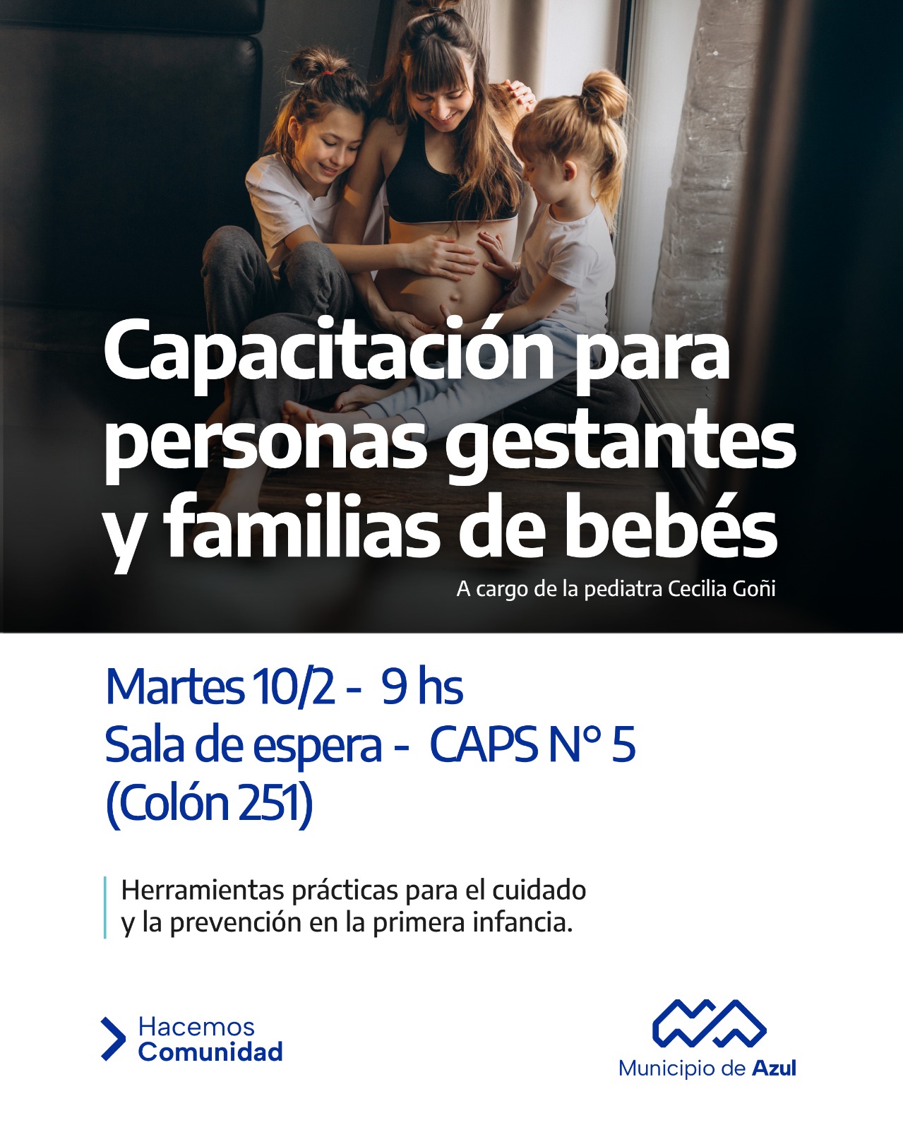 Durante el encuentro se brindará información sobre maniobras básicas ante situaciones de emergencia en lactantes, con el objetivo de ofrecer herramientas prácticas para el cuidado y la prevención en la primera infancia.
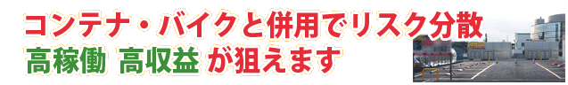 26年間の運営実績があるコンテナ事業やバイクパーキングと併用した運営が出来るため、リスクを分散したコインパーキング経営を行う事が出来ます。
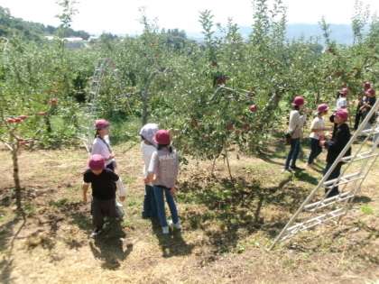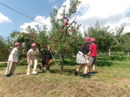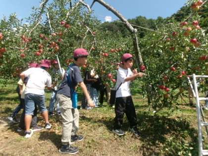 一日目最初の体験場所は、りんご農園です。農家の方の説明を聞いた後、5,6種類のリンゴを食べ比べました。どのリンゴもおいしくいただきました。お弁当は食べられるでしょうか。
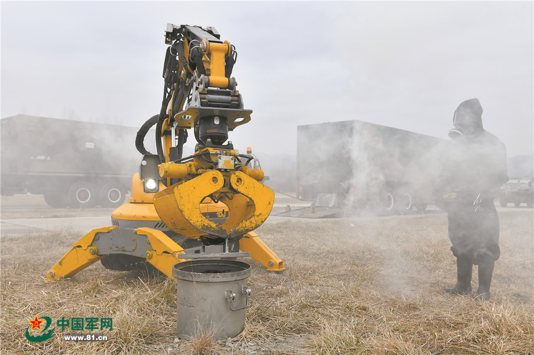 “××地域发生‘放射性沾染’,命令你部立即前往处置!”接到命令后,官兵全副武装迅即出动。“沾染区”现场温度接近-15℃,侦测评估组和压制回收组同步行动,利用新型装备精准采集分析数据,采取多种手段喷射压制去污剂,对“污染源”实施立体封堵和全方位压制。
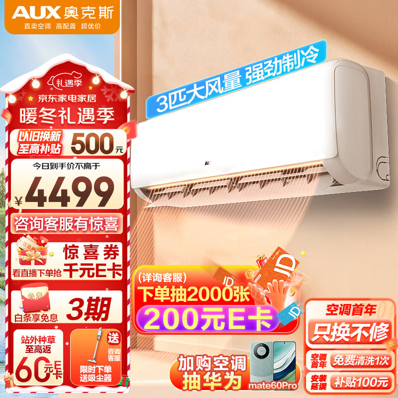 奥克斯(AUX) 空调3匹 三级能效 挂机 自清洁 冷暖两用 家用壁挂式 变频 (KFR-72GW/BpR3ZAQK(B3))价格:4499.00元!
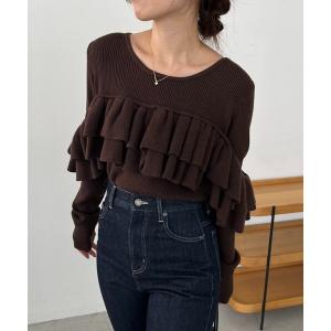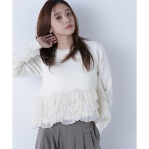 ニット セーター チュールフリル ドッキングプルオーバーニット レディース
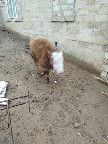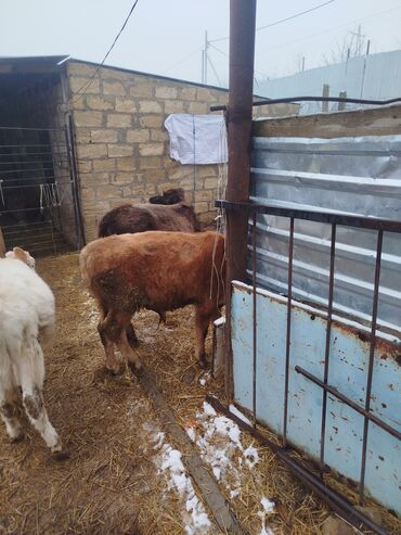 Satlıq buzov - Növ: iri buynuzlu heyvan, buzov - Rəng: açıq-qonur (qəhvəyi) tonlarda, alnında açıq ləkələr - Yun örtüyü: qalın və dalğalı, soyuğa dözümlü - Qulaqda nişan/etiket görünür - Bədən qur...
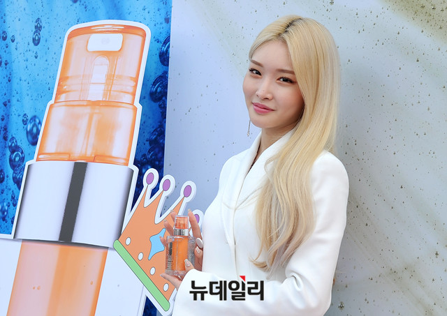 가수 청하가 11일 오후 서울 중구 신라면세점에서 열린 스킨케어 브랜드 크리니크의 '청하 키트' 출시 기념 행사에 참석해 포즈를 취하고 있다.
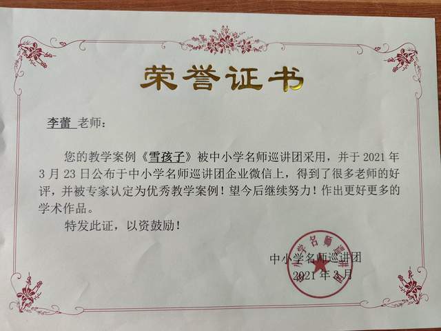 在邢老师的带领下,我一路走来,经历过挫折,积累了宝贵的经验,同时收获了很多成果:今年3月份,教学案例《雪孩子》被中小学名师巡讲团评为“优秀案例”;5月,《抓文眼,促阅读》一文在《语言文字报》发表;6月,《叩响童话的大门》一文在《语文报》发表;7月,《遇见早春》一文在《都市头条》、《诗意人生》、《极光文艺》联合举办的“诗意人生”原创文学大赛中获得佳作奖;11月,《巧用留白,生发想象》一文在山东教育社举办的“百佳”论文大赛中获得三等奖;12月,《摘星星的少年》一文在“趣语·高效读写”专家组举办的“党的光辉照我心”师生征文活动中荣获一等奖;同月,《在“意外”中收获》一文在《语言文字报》上发表。是邢老师的严格要求、悉心鼓励、不断鞭策、耐心指导成就了今天的我。作为回馈,我认为,我们青年教师最应该做的就是快速提升自己,同时将邢老师“反思——总结——成长”的理念传承下去,并以此带动学生的成长。
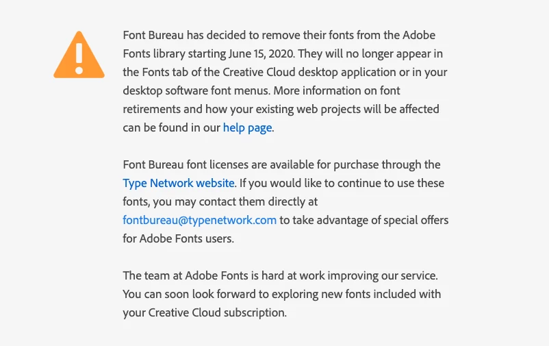 In regards to the notice of fonts being removed on June 15, 2020, can a list be published to see which ones will no longer be available? It would be nice to have advance notice rather than having to find an alternative at a moments notice.
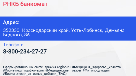 РНКБ, банкомат по адресу 352330, Краснодарский край, Усть-Лабинск, Демьяна Бедного, 86 в дальнейшем Организация, размещена в следующих категориях:
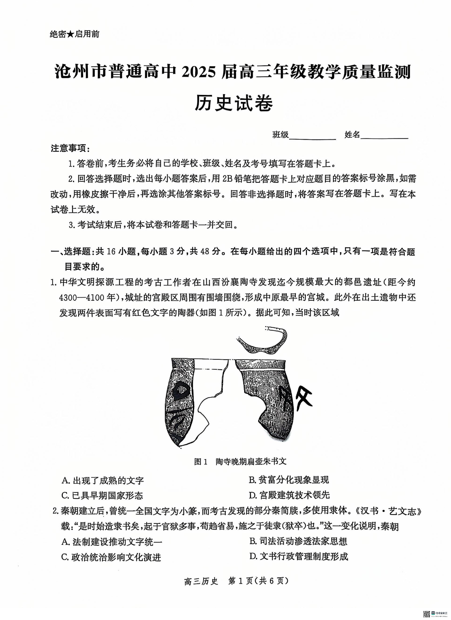 河北省沧州市普通高中2025届高三年级12月教学质量监测历史+答案
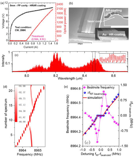 Then, injection locking and harmonic injection locking were also demonstrated in mid-infrared QCL through direct microwave modulation [56,57]. As shown in the light-current-voltage (LIV) curve and the spectrum in Figure 2a,c, the QCL with a broadband emission spectrum spanning 8.0–8.6 μm is capable of delivering high optical power of over 2 W from a single facet in CW operation at approximately room temperature. Figure 2b also gives the scanning electron microscope (SEM) image of the high-power long-wave infrared QCL. Figure 2d shows the evolution of the beatnote (continuous branch) of the QCL as a function of the injected RF frequency (discrete branch). Figure 2e shows the beatnote frequency (magenta) as a function of the detuning δ between RF frequency fRF and the beatnote without RF injection Δf0. The blue shows the frequency difference δfRF−beatnote between RF and beatnote as a function of detuning δ. From these two figures, we can clearly see that the beatnote frequency is locked to the injected RF frequency. However, the locking range is less than 1 MHz due to much higher intra-cavity power compared with the result in Ref [56]. This experiment was also in agreement with the injection-locking theory described by Equations (5)–(7).
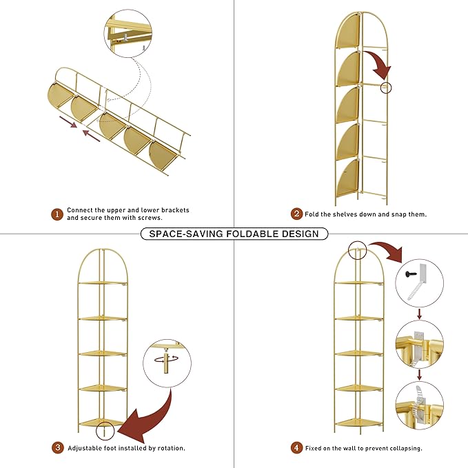 Crofy Foldable 5 Tier Corner Shelf, Metal Corner Plant Stand with Gold Frame and Gold Shelves, Corner Display Rack Multipurpose Shelving Unit for Living Room, Bedroom, Bathroom

______________________________

### ABOUT THIS TASK
Everything from the first line of the records through the line containing "一日目最初の体験場所は、りん" should be reproduced exactly, apart from the pictures.

### SOLUTION TO THIS TASK
 Durante el encuentro se brindará información sobre maniobras básicas ante situaciones de emergencia en lactantes, con el objetivo de ofrecer herramientas prácticas para el cuidado y la prevención en la primera infancia.
 26年間の運営実績があるコンテナ事業やバイクパーキングと併用した運営が出来るため、リスクを分散したコインパーキング経営を行う事が出来ます。
 一日目最初の体験場所は、りんご農園です。農家の方の説明を聞いた後、5,6種類のリンゴを食べ比べました。どのリンゴもおいしくいただきました。お弁当は食べられるでしょうか。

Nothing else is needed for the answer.